K. Bakoyannis: For the first time in many years, we have the need and opportunity to take action

K. Bakoyannis: For the first time in many years, we have the need and opportunity to take action

Interview with the Mayor of Athens on crisis management and the path to recovery

Kostas Bakoyannis has been serving as Mayor of Athens since September 2019. In this conversation he shares how the coronavirus pandemic has shaped his term and priorities and what his recovery plans are for the time after the crisis.

Mr Bakoyannis, the beginning of your term as mayor of Athens coincided with a huge challenge for every member of society - the COVID-19 pandemic. How have the municipal social policy and its digital services been restructured in 2020?

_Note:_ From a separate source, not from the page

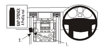 2. Das dünne Ende des beiliegenden "Gap Opener" zum Aufweiten in den Spalt zwischen dem Armaturentafel-Rahmen und dem Armaturenbrett drücken, wie im Bild gezeigt. Die linke Seite des ProClip nach vorne drücken, so dass sich die angewinkelte Kante in den Spalt festhakt. Den "Gap Opener" herausziehen.

The most important thing we can do as a city during the pandemic is to support our most vulnerable residents. Along with existing programmes, services and structures, we have quickly created and implemented new ones in order to assist low-income families, the elderly, people with disabilities, drug addicts, homeless people, women with children, victims of domestic violence as well as migrants and refugees.

Food, medicine and every other possible support and assistance (psychological, consulting, nursing, house cleaning services, family aid, legal advise, housing, integration services etc.) have been distributed regularly in municipal structures, on the street (streetwork) or at home. The enhanced support program for vulnerable groups "Help at Home Plus" is the back-bone of this effort, supported by other specialized structures like the three new Social Clinics (Mental Health, Pathological-Surgical and Dental Clinic), the new Multipurpose Homeless Shelter (24/7 Day Center, Dormitory and Hostel with a total capacity of up to 400 people) and the Guesthouse for homeless drug addicts.

We created hotlines for outreach and support so that there is always an expert and someone who cares available to talk on the phone.

As far as the restructuring of our digital services is concerned, please allow me to say that, in a sense, we have tried to see the crisis as an opportunity for changes that were pending for years, if not decades, such as the digital restructure of the municipal services, which allows us today to offer the citizens a broad variety of services and dozens of certificates that, until a few months ago, required physical presence of the applicant at the municipal offices.

So, this urgent necessity to apply social distancing measures for the protection of the citizens’ and municipal employees’ health has accelerated a much needed digital transition. This new form of “communication” with the citizens not only facilitates them in their everyday life but also promotes sound and transparent procedures in the relation between the administration and the citizen.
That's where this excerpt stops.